Здесь чары - слова, дыханье - узор,
Бродит вервульф-морок,
Неба саван,
Душ караван,
Черных одежд ворох:
Соборы и снег, замерзающий змей
Застыл на резной короне,
Реквием снов,
Леса остов,
И колокольчик в ладони:
В царстве зимы твои руки сверкнут
Перстнями металлов древних,
На звон прилетят
И усядутся в ряд
Горгулии и химеры:
Мерцает, темнеет туман твоих глаз,
На лихо ли, на беду ли?
Сумрак воркует,
Душу ворует:
<Горгулии-гули-гули:>


Песни черной воды
Горсть черного жемчуга брось в прохладную влагу,
Чтоб бледный огонь серебром убрал ожерелье,
И в рунах горючих ветвей ты прочтешь <исцеленье>,
И в скрипе коры различишь безымянную сагу:
Туманы и дым - черный с серым - сплелися шелками,
В ладонях воды вновь подобные ангельским крыльями
Того, кто назвался кострами, огнем и ковылью,
И смотрит из сумрачных волн голубыми очами.
А что за цветы, что за сны осыпаются в воду?
Иль душ хоровод?

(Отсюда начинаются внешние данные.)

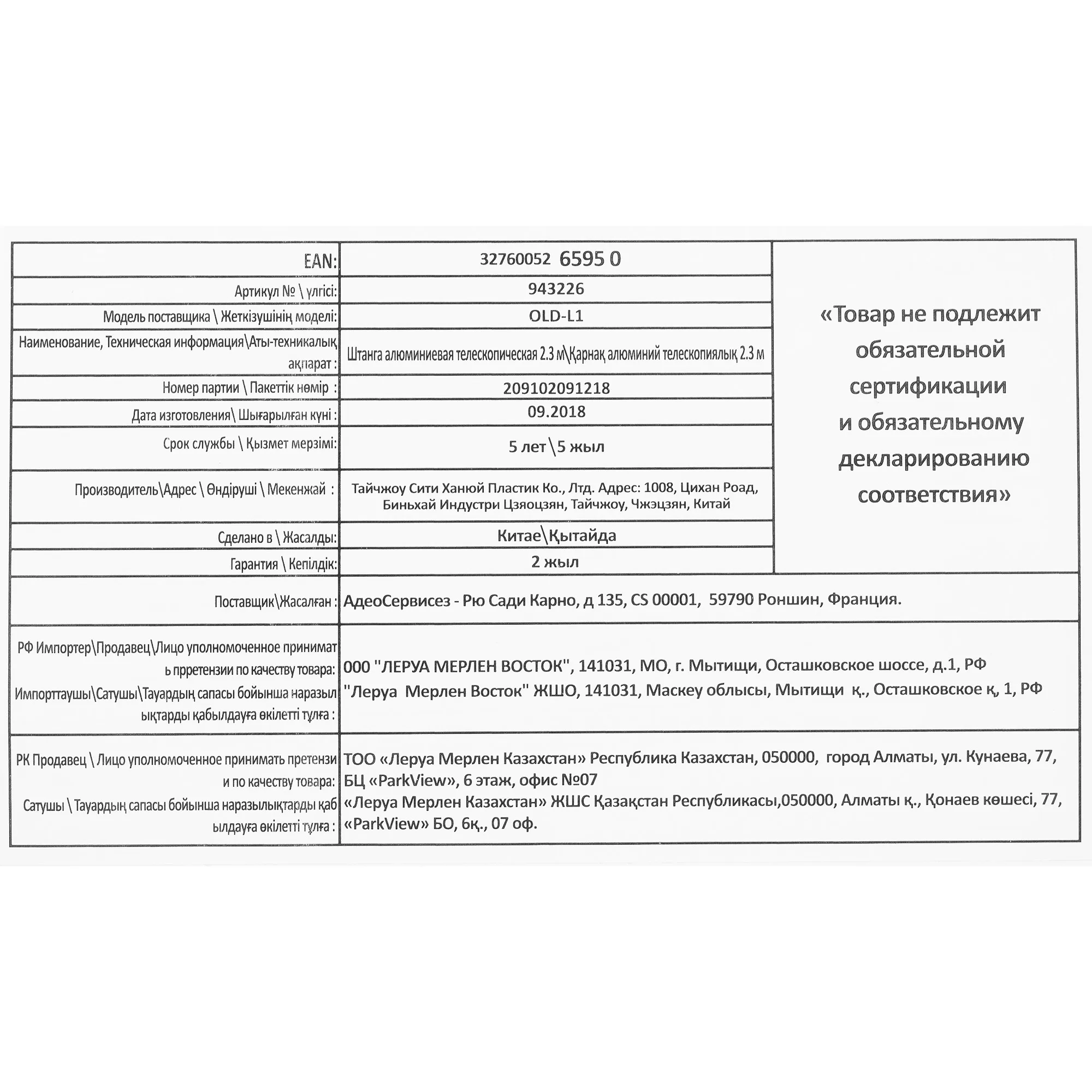 Количество в наборе => 1

Он зовет, он сомкнулся над небом
Венцом облаков, и теплом белобокого хлеба,
Забытою песней без имени, слова и роду:


Руна Э
Я упал...
Я замер в волнах вечной ночи,
Оплетшей миры паутиной,
Я замер, боясь даже вздрогнуть,
И в пасти сгинуть звериной.
Но тонкие крылья белого пламени,
Дыханьем Вселенной полные!
Я подхвачен ее песнею, тайнами,
Подхвачен, пером словно бы...
И вверх, по ледяному мосту,
Звенящему под ногами,
Искрящемуся серебром в цвету,
Сплетенному из хрусталя.
Я бегу и вижу - во тьме Бифрост,
К Мидгарду протянут дланью,
Пылающей синей птицей,
Сияньем ясных звезд:
Я бегу вперед - и сферы стремятся
Навстречу мне,
И белые травы эльфийских долин
В слезах золотых богов,
Я бегу, я - солнце, и бесконечен
Путь не по земле
Но я вернусь к вам, люди, вернусь, конечно,
Мостом ледяных снов...
Я упал...


Руна Кен
Белое пламя горит на ладони моей
Снегом холодным, пречистым, дыханием бога,
Белое пламя пылает во тьме, в хрустале,
В каждой душе, и в тебе, мы им движимы оба:
Реки его в небесах с облаками сплелись,
Только взгляни - и увидишь сиянье узоров,
Пустые сосуды наполни, и очи свои
Наполни огнем, не иссушенным жемчугом черным.
Из белого пламени я себе крылья соткну,
Все девять миров пусть охватят, шепча и вздыхая,
Все девять миров, и от края до самого края,
И то, что за ними: Прозрачные крылья в снегу.